Yellow Lake Perch

(Perca Flavescens)

Yellow Lake Perch has been a Great Lakes staple for more than 100 years! Lake Perch is the most valuable commercial catch in Ontario with the greatest commercial production coming from Lake Erie. Heavy production of Lake Perch occurs from June through November when the fish inhabit warmer, shallow waters.

Lake Perch is a cool-water species most common in the open waters of lakes. Since the early 1900s Canada and the United States have been commercial harvesting Yellow Perch in the Great Lakes with Gillnets and Trap-nets. Due to its ability to crossbreed the Yellow Perch is sometimes classified as subspecies of the European Perch, its European cousin.
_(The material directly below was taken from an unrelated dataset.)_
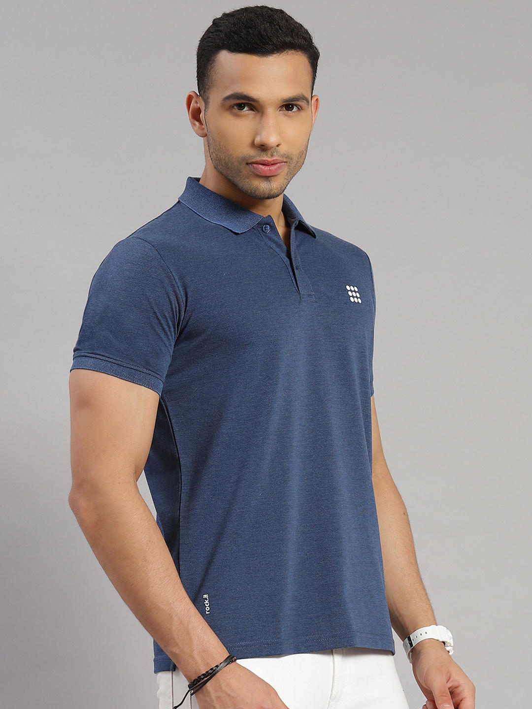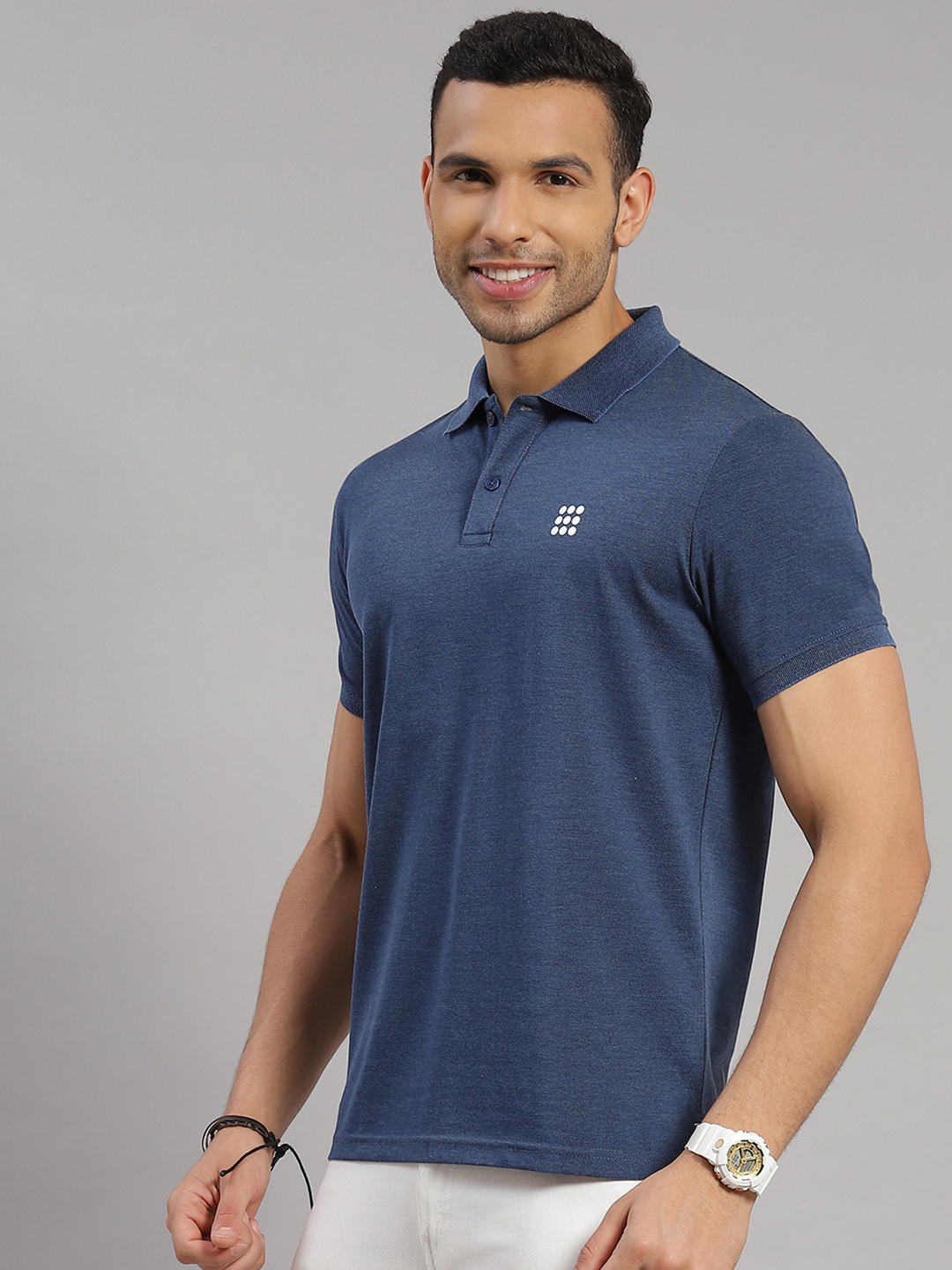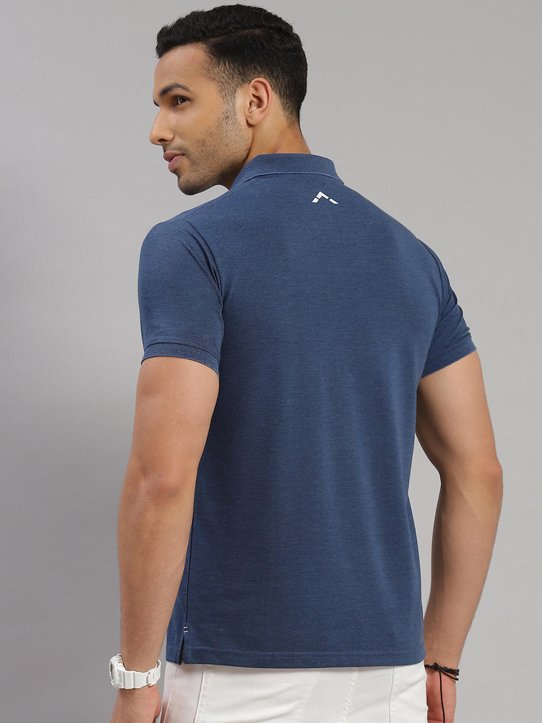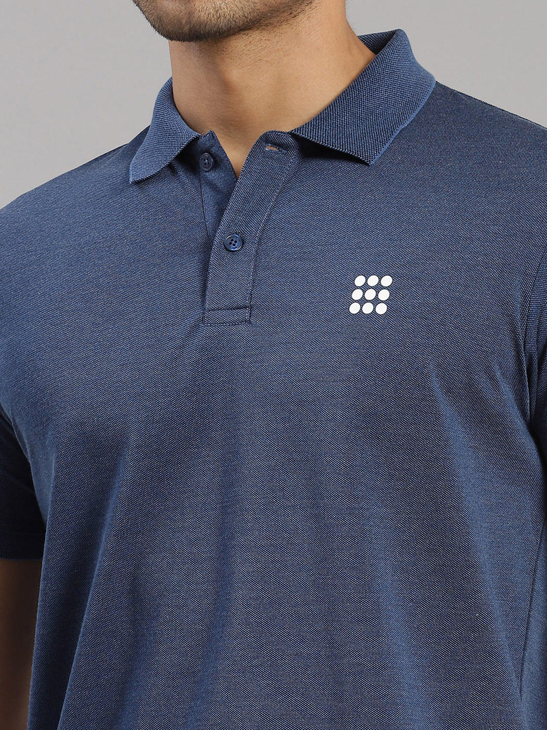 - Men Cotton Blend Blue Melange Solid Collar T-Shirt

During different seasons, Lake Perch prefer different areas of the lake. In spring, they are found in bottom structures such as rock piles and bottom drop-offs; in summer, they prefer outside edges of submerged vegetation; in fall they are in prominent land points with bottom structures; and in winter, they stay over the flat bottom reaches near bottom structures.
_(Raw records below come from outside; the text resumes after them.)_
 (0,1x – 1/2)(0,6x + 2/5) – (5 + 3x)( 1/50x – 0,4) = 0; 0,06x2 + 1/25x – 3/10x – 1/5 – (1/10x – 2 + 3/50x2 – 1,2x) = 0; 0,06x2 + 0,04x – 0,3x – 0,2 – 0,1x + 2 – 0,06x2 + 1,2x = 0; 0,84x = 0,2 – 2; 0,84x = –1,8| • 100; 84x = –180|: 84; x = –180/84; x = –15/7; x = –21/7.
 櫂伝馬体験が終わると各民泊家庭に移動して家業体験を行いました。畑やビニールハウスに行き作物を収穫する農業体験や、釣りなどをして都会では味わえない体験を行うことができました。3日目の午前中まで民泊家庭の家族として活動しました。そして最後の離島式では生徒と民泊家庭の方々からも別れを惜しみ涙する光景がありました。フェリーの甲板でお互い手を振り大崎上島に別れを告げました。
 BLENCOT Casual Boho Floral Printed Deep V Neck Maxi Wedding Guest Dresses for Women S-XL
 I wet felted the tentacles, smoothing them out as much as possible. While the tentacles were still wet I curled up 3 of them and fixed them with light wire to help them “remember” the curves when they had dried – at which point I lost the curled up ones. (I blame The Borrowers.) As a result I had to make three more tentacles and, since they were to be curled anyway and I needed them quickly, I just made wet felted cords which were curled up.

Lake Perch is one of the finest flavored of all the “panfish”, with its sweet tasting white meat. Lake Perch is a versatile option for the end consumer; Lake Perch can be found from Friday Night Fish Fry’s in the Midwest, to Pub style restaurants in the Northeast. As one of the easiest fish to catch, Lake Perch travel in thick schools and tend to come near shore in spring. Lake Perch is available fresh or frozen in fillet form. The fillets either come in butterfly or split form. Best preparation is to be pan fried, but they can also be deep fried or boiled.